Introduction
In Calf Note #238, I discussed the complexity of predicting amino acid (AA) supply in young calves, particularly during the period (usually around weaning) when calves transition from monogastric digestion to ruminant fermentation and digestion. This transition period causes changes in the source of amino acids – i.e., early in life amino acids come exclusively from milk protein, but by a few weeks after weaning, the calf’s amino acid supply is provided by a mix of undegraded dietary and microbial protein flowing from the rumen.
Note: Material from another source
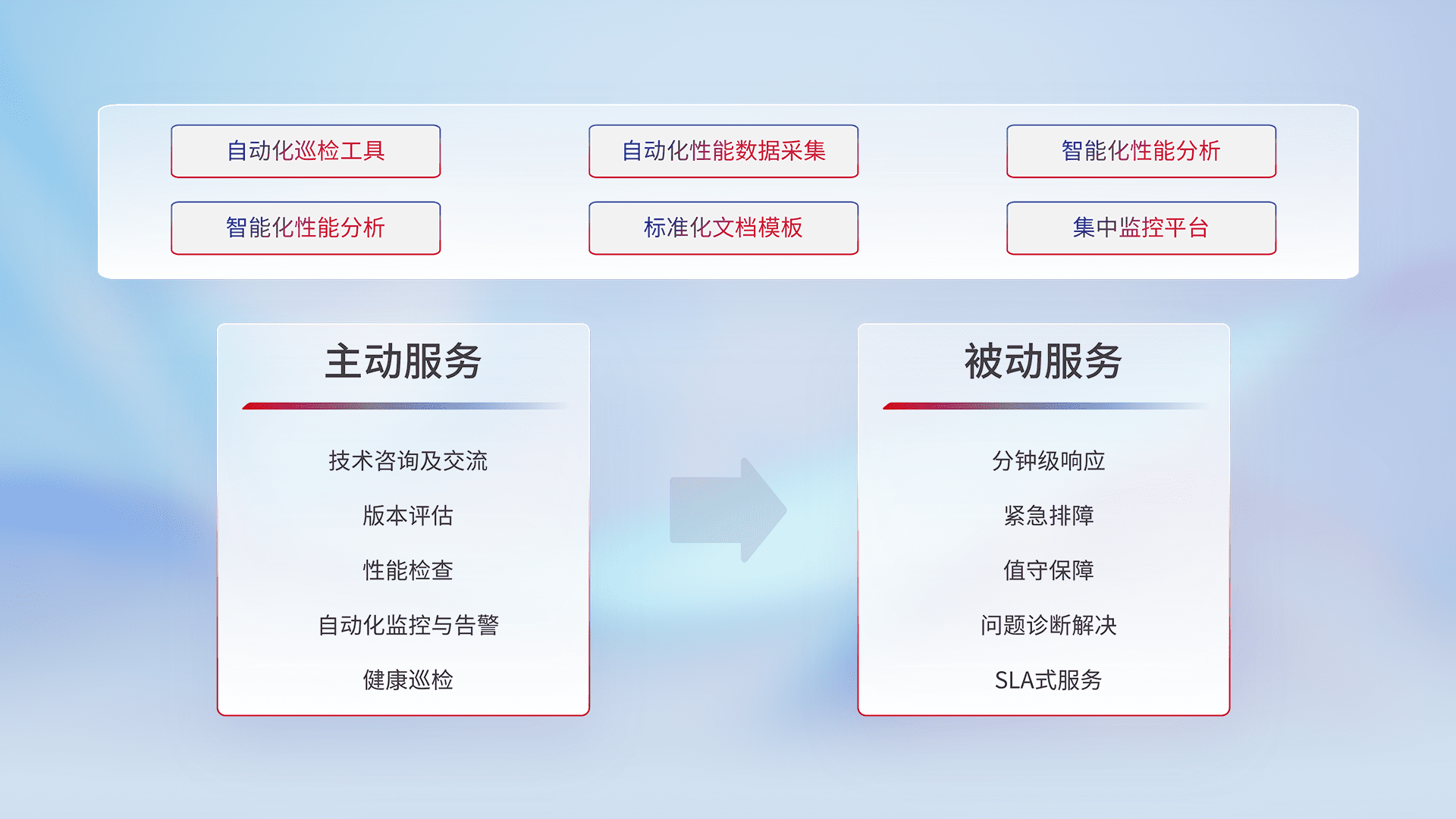 智能化工具和标准化文档,,保障服务质量,,,提供主动服务(包含技术咨询、、版本评估、、、性能检查、、自动化监控与告警、、健康巡检)和被动服务包含(分钟级响应、、、、紧急排障、、、、值守保障、、、、问题诊断解决、、SLA服务)。。。

This Calf Note will review AA composition of ingredients that make up CMR and the AA composition of whole milk.
Milk Amino Acids
Whole milk is often considered an “optimal” nutrient source for calves, with an excellent AA profile that meets the AA needs for maintenance and growth. Indeed, many manufacturers of calf milk replacers (CMR) use the milk AA profile as their template for AA.
Amino acids in CMR Ingredients
Using a simple review of published literature – peer reviewed and non-peer reviewed, I compiled some examples of reported AA profiles in several ingredients used in CMR formulas around the world. Tables 1 to 5 include milk, whey, soy, pea, and wheat protein AA profiles, respectively. The values are expressed as grams of AA per 100 grams of CP to account for differences in processing of various ingredients – for example, soy flour and soy protein concentrate have different absolute AA profiles, but when expressed as a percent of CP, the values are similar and reflect the AA profile of the protein.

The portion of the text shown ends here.